How to complete this task> Both the line below containing "más que los" and the line containing "Whether you’re brand", along with every line between them, should be repeated exactly; no other line belongs in the answer.
*** The data Section Begins ***
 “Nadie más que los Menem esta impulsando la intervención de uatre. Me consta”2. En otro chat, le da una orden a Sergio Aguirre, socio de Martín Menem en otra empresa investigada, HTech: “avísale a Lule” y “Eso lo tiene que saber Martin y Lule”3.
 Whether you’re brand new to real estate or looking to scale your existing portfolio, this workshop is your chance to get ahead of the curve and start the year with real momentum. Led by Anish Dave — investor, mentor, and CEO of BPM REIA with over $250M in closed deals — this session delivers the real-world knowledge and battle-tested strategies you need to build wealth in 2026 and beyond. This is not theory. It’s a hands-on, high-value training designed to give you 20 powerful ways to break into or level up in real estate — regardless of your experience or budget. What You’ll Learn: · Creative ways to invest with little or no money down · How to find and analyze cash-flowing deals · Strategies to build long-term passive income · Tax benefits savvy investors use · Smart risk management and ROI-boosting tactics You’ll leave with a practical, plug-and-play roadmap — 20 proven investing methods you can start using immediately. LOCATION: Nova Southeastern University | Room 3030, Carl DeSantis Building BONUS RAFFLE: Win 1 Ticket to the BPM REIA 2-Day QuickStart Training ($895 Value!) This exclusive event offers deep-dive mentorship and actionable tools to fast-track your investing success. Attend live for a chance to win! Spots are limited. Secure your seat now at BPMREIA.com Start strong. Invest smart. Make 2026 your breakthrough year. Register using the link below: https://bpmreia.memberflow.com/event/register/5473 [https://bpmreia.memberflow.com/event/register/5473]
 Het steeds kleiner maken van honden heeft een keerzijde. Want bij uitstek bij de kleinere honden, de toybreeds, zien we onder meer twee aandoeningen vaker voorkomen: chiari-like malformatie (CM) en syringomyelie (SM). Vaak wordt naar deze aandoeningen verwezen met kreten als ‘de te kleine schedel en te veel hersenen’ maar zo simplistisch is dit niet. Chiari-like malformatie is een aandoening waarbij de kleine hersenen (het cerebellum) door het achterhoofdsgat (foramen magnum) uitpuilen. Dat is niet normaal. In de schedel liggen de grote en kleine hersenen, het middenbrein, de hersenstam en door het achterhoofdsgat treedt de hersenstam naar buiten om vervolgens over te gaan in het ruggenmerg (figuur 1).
*** The data Section Ends ***
*** The data Section Begins ***
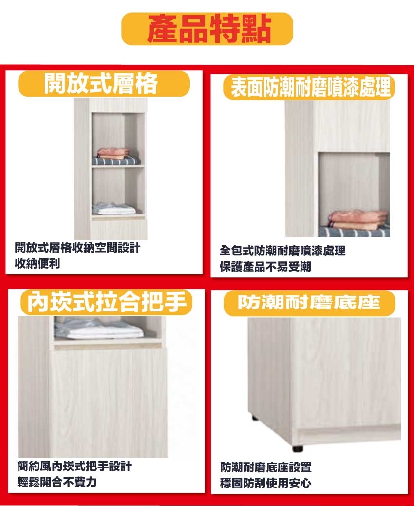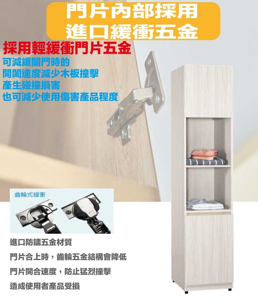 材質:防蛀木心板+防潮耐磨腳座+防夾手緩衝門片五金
*** The data Section Ends ***
*** The data Section Begins ***
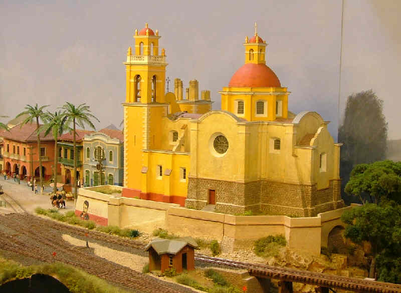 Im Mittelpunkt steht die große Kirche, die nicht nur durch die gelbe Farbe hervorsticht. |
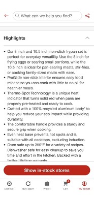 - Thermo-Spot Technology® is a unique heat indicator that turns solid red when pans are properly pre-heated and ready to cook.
*** The data Section Ends ***
Result of this exercise>
 “Nadie más que los Menem esta impulsando la intervención de uatre. Me consta”2. En otro chat, le da una orden a Sergio Aguirre, socio de Martín Menem en otra empresa investigada, HTech: “avísale a Lule” y “Eso lo tiene que saber Martin y Lule”3.
 Whether you’re brand new to real estate or looking to scale your existing portfolio, this workshop is your chance to get ahead of the curve and start the year with real momentum. Led by Anish Dave — investor, mentor, and CEO of BPM REIA with over $250M in closed deals — this session delivers the real-world knowledge and battle-tested strategies you need to build wealth in 2026 and beyond. This is not theory. It’s a hands-on, high-value training designed to give you 20 powerful ways to break into or level up in real estate — regardless of your experience or budget. What You’ll Learn: · Creative ways to invest with little or no money down · How to find and analyze cash-flowing deals · Strategies to build long-term passive income · Tax benefits savvy investors use · Smart risk management and ROI-boosting tactics You’ll leave with a practical, plug-and-play roadmap — 20 proven investing methods you can start using immediately. LOCATION: Nova Southeastern University | Room 3030, Carl DeSantis Building BONUS RAFFLE: Win 1 Ticket to the BPM REIA 2-Day QuickStart Training ($895 Value!) This exclusive event offers deep-dive mentorship and actionable tools to fast-track your investing success. Attend live for a chance to win! Spots are limited. Secure your seat now at BPMREIA.com Start strong. Invest smart. Make 2026 your breakthrough year. Register using the link below: https://bpmreia.memberflow.com/event/register/5473 [https://bpmreia.memberflow.com/event/register/5473]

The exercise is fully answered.